I'm happy to pull together a PR for increasing librespot's AP timeout, making it customisable by the end user and/or adding a FAQ/Troubleshooting entry to the docs.
Also happy to jump on a call to discuss any of this as sometime these convos can come across the wrong way via text. I'm really thankful for this project and all the work that goes into it and would like to help if I can.
In the original port above I was speculating a 3 second timeout based on the log we got. I said the 3 seconds in the log didn't match the documented Linux default of 5 seconds. We never worked out why there was a discrepancy. I am still curious why the earlier http requests seem to work differently, I didn't understand that and I didn't look further.

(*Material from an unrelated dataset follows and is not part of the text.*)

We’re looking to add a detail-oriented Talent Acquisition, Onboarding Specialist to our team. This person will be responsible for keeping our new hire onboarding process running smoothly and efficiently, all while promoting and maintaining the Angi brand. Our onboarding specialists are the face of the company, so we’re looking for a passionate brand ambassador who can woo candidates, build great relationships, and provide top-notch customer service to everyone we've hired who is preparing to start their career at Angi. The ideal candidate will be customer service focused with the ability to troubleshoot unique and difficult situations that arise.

A long timeout on each AP connection attempt can make starting a Spotify session slow. With a long-lived session created at startup that's likely OK but librespot is a library and not all use-cases are like that. I primarily use librespot within gst-plugin-spotify where the architecture requires a session per song and slow session connection means playback starts slowly and it's noticeable. I also use it behind a corporate firewall where some ports are blocked, causing APs using those ports to get stuck during their connection. So I have been relying on the short timeout, but I appreciate this use-case is niche. Maybe a mechanism to better control/filter APs would be nicer but that's another issue.
In general, applications should be able to avoid thinking too much about this stuff and let lower levels handle this correctly and consistently. Our case here is a little bit different, we've been given a list of unreliable AP servers to try, they can even have perfect connectivity but still be unusable as an AP (returning a Spotify error code). Failing fast is the right thing to do in this context but you're right, we also need to go slow enough for IP connections to (appear to) be reliable. So I guess the balance here isn't quite right. However, just fiddling the numbers a bit to avoid this particular OS default just moves the problem.

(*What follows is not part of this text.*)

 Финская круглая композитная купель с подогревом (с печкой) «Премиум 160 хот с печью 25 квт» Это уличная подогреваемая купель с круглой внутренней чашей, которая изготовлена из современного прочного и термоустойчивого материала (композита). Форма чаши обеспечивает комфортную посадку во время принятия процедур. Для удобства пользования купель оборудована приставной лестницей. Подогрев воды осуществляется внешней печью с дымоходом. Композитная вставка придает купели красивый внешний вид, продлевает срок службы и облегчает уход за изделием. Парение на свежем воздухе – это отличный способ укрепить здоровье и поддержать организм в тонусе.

So yeh, we could again revisit making the timeout an optional parameter, keeping a short default, and using a longer value in the librespot binary. Or the opposite, I guess (and make it a breaking change). Just keep in mind the algorithm we currently have wasn't focused at all on supporting user DNS problems, it was to find a working Spotify AP from the list assuming a working network. Most of the time the same thing will work for both but be careful on doing anything too specific for the secondary case.
I'd still prefer not to expose an extra config option to librespot binary users. Just having it configurable at the library level is far simpler than spending our cycles trying to come up with a single algorithm that works for all cases.
Ahh sorry I missed that about the log above showing the 3s timeout.
Okay that makes sense to me, so we have a situation where some library use cases need the timeout to be as quick as possible and others as robust/retryable as possible. And also where the failure modes of the AP aren't always obvious in a programmatic sense. I'll have a think a bit more about any other ideas but at this stage I'm thinking adding something to the docs to deal with DNS issues like mine might be the best scenario (or even this ticket if people search for it may be enough).
This is a good hint:
I am still curious why the earlier http requests seem to work differently, I didn't understand that and I didn't look further.
At a guess it's regular TCP connections versus websocket connections?
They should be regular http connections, not even websocket. But they do use a library and maybe that library has some different handling somewhere. I'm not sure it is that interesting unless you're really interested!